[INFORMATION SUPPLIED — start]

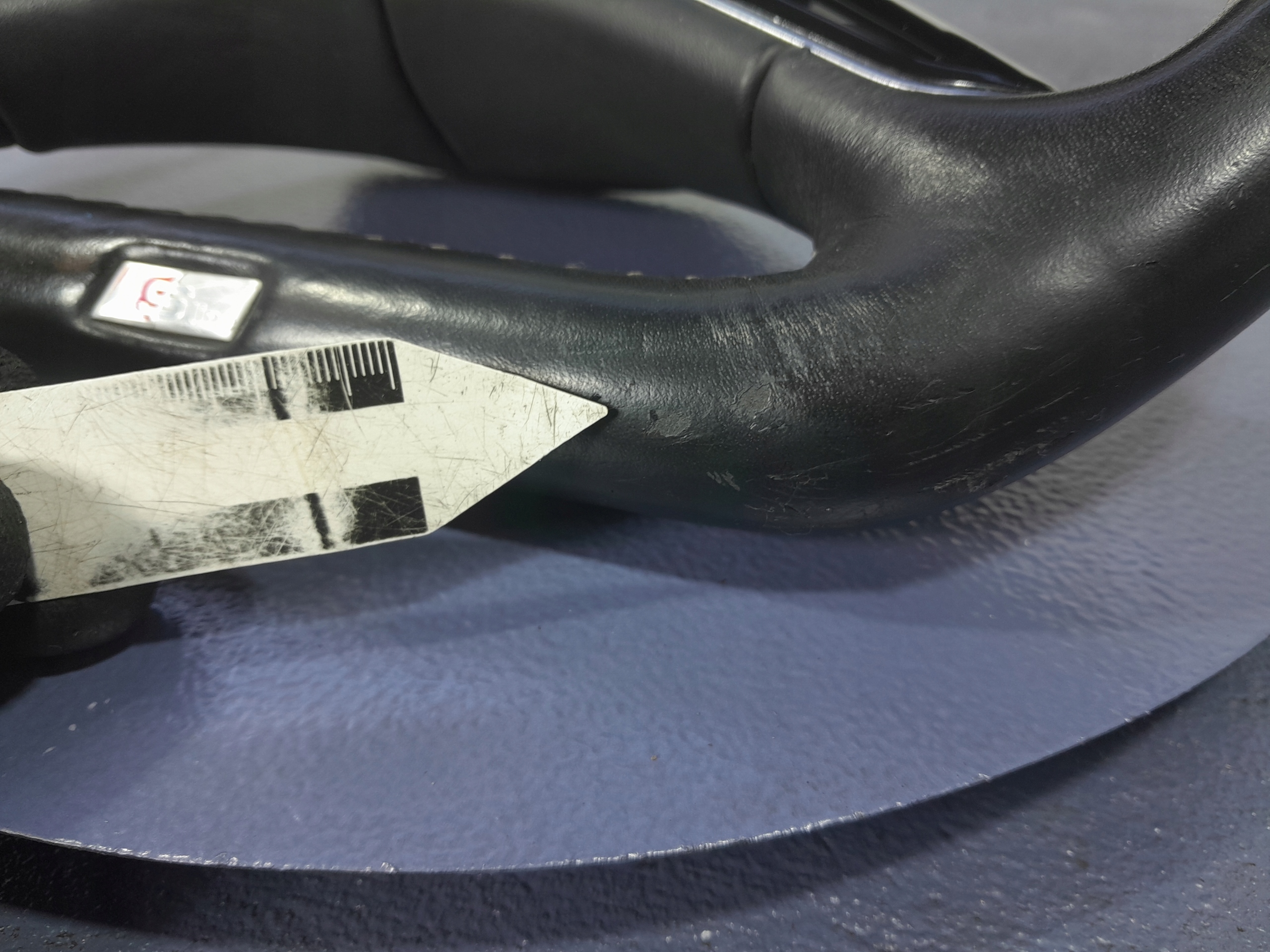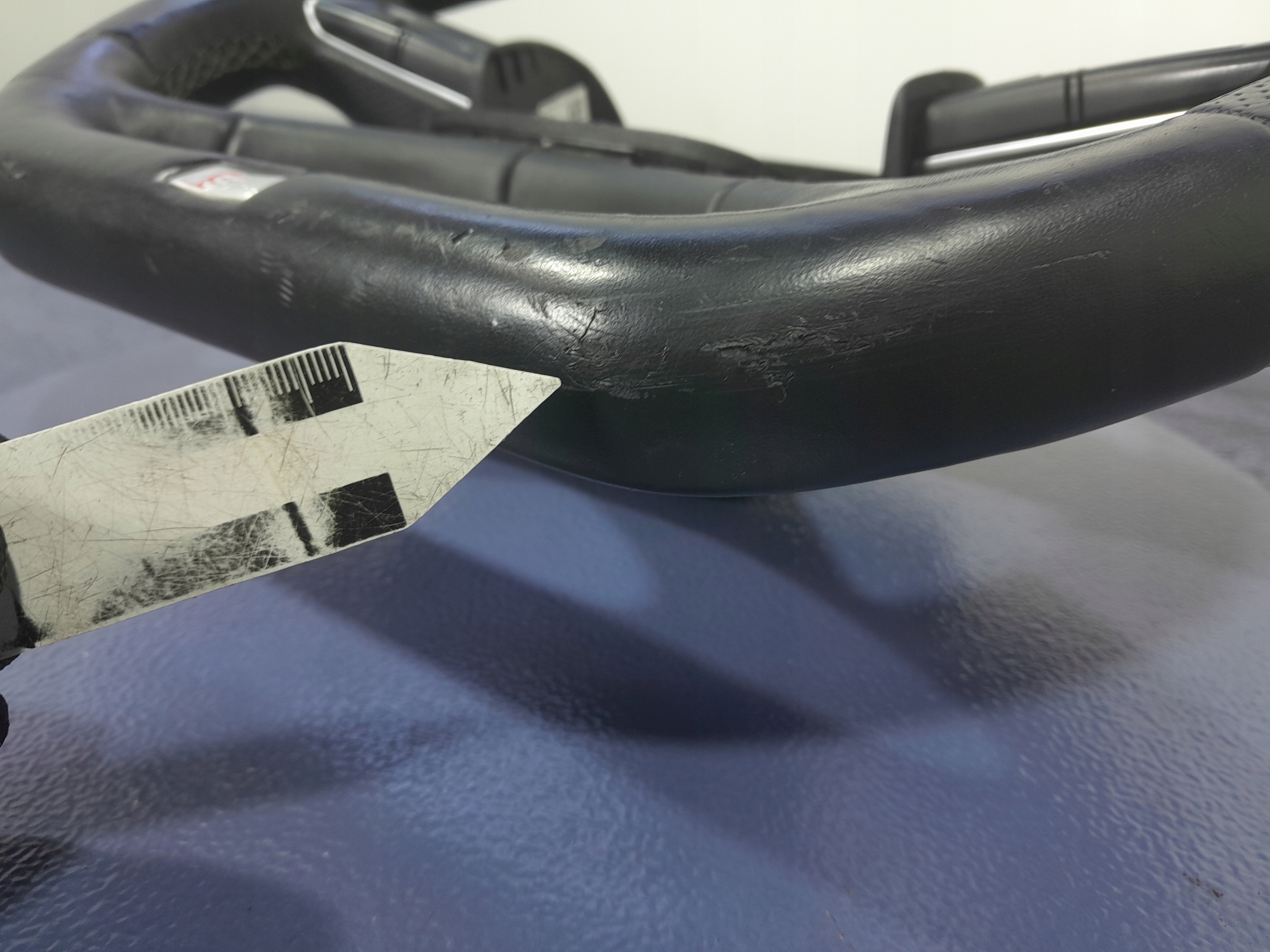 Opis: uszkodzenia widoczne na zdjęciach, przetarcia, zarysowania, - jakość B && AUDI Q7 II 4M KIEROWNICA MULTIFUNKCYJNA ŁOPATKI S-LINE SKÓRA 4M0419091
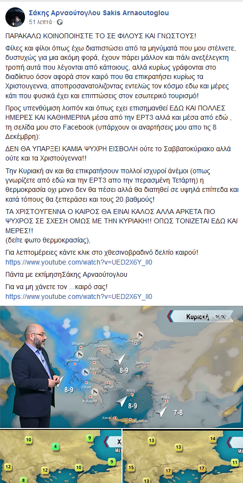«Φίλες και φίλοι όπως έχω διαπιστώσει από τα μηνύματά που μου στέλνετε, δυστυχώς για μια ακόμη φορά, έχουν πάρει μάλλον και πάλι ανεξέλεγκτη τροπή αυτά που λέγονται από κάποιους, αλλά κυρίως γράφονται στο διαδίκτυο όσον αφορά στον καιρό που θα επικρατήσει κυρίως τα Χριστουγεννα, αποπροσανατολιζοντας εντελώς τον κόσμο εδω και μέρες κάτι που φυσικά έχει και επιπτώσεις στον εσωτερικό τουρισμό!
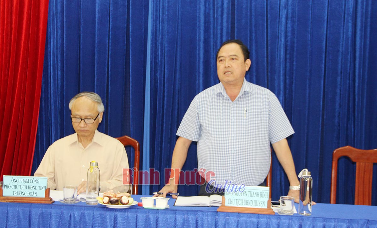 Ông Nguyễn Thanh Bình, Chủ tịch UBND huyện Bù Đăng phát biểu giải trình làm rõ những vấn đề của thành viên đoàn giám sát đặt ra tại buổi giám sát
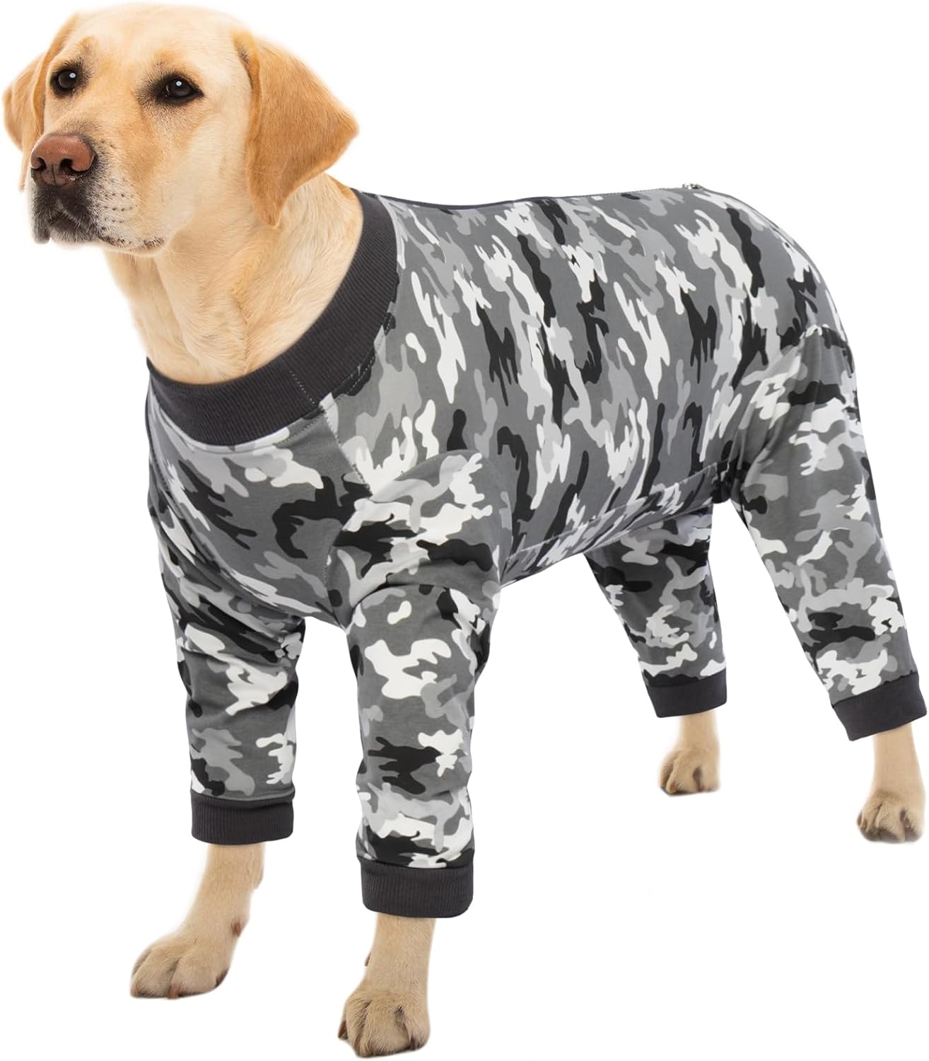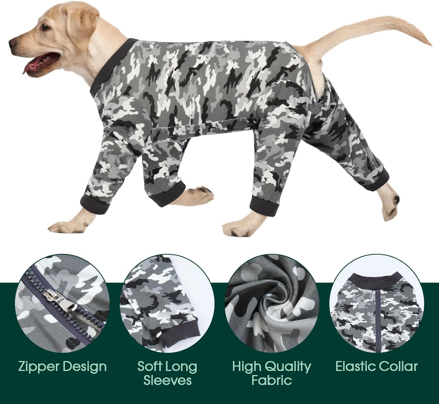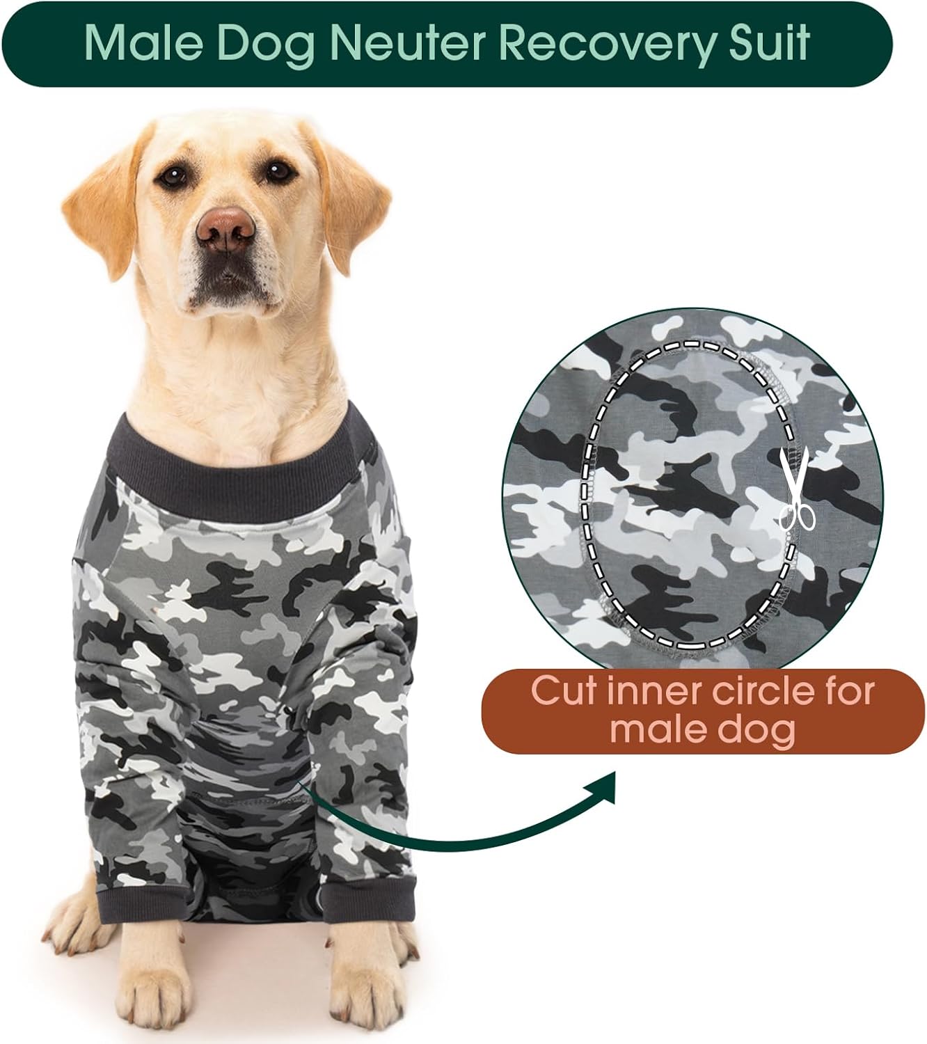 Следоперативно боди за кучета Kuoser за големи кучета, еднокомпонентно хирургично боди за мъжки кучета (кастрация), боди за кучета с крачоли, дълги ръкави за женски кучета, алтернатива на конус за врата на куче, 2XL

[INFORMATION SUPPLIED — finish]

INSTRUCTIONS TO FOLLOW —
Verbatim output, no pictures: the line holding "Ông Nguyễn Thanh" and all lines after it through the last line of the material, with nothing else.

COMPLETED TASK —
 Ông Nguyễn Thanh Bình, Chủ tịch UBND huyện Bù Đăng phát biểu giải trình làm rõ những vấn đề của thành viên đoàn giám sát đặt ra tại buổi giám sát
 Следоперативно боди за кучета Kuoser за големи кучета, еднокомпонентно хирургично боди за мъжки кучета (кастрация), боди за кучета с крачоли, дълги ръкави за женски кучета, алтернатива на конус за врата на куче, 2XL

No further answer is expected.